1. Start with the end in mind. When setting up an asset structure, it is important to consider what pieces of information are important to you. Considering the following questions is vital in taking initial steps in making smarter, faster and better decisions.

  • What is the total cost of ownership for a particular piece of equipment?
  • What is the mean time between failures for a particular equipment type?
  • What is the mean time to repair similar equipment but different manufacturers?
  • Which child component is causing the most unplanned downtime?
  • Which child component should be included in the next PM outage?
  • What is the break even analysis for repairing vs. replacing?

2. Set up your specific asset hierarchy. Make sure your hierarchical asset structure has not just been cut and pasted from someone else, and make sure there was some thought put into why it makes sense for your organization. This includes:

  • Looking at a building diagram of your asset domain. What natural groupings do you notice? Where are your power sources? What is the natural geography that drives your decision making?
  • Start identifying similar assets, assets from the same manufacturer, assets with similar power consumption ratings, etc.
  • Set up Parent/Child Relationships using categories such as Asset Tag, Asset Name, Parent Asset, Parent Asset ID, Asset Type, Manufacturer, Model Number, Serial Number, Location, and Room / Level.

3. Monitor asset performance. Within a month of setting up your asset hierarchy, start trying to run reports and get in a room with subject matter experts. Ask them, what is most important? What is the Mean Time To Repair (MTTR) assets? If you can’t answer these questions within a few keystrokes, you have probably missed something in your hierarchy. It’s time to go back and fix it, and rework your structure.

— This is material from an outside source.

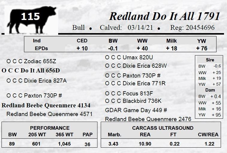 All bulls selling for $2,500 or more will be covered 50% by Redland Angus if they are injured during their first breeding season.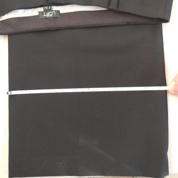Front pockets, can open pocket seam or keep sewn shut as faux pocket. Front zip with hook and bar closure. Belt loops. Back pockets with button closure. Size 8

4. Prioritize improvement areas. Use Root Cause Analysis (RCA) to root down in order to see what is driving costs, and do an FMEA exercise. Though the FMEA seems to be a tedious process, you will be surprised about the level of brainstorming, and evidence for decision-making this data can enable.

Conclusion

Utilizing an effective hierarchical structure can completely revitalize the management and performance of your organization’s assets. Establishing parent-child relationships between your assets is a vital aspect of this structure. As you now know, these relationships help to identify which assets you can perform maintenance on, and which assets are connected. This is a major benefit when thinking about downtime that collects for technicians and equipment during PMs. In seconds, you can discover which assets have PMs coming up, and perform all of this maintenance at the same time – even during unscheduled shutdowns.

Hierarchical Asset Structures are a process, and take a lot of work to flesh out. Once your organization begins to see results from the relationships you construct, new levels of communication can develop. With meaningful data about assets to help drive repair vs. replace decisions, and a way to group equipment PMs to help make the most of your time, your asset organization and management may skyrocket.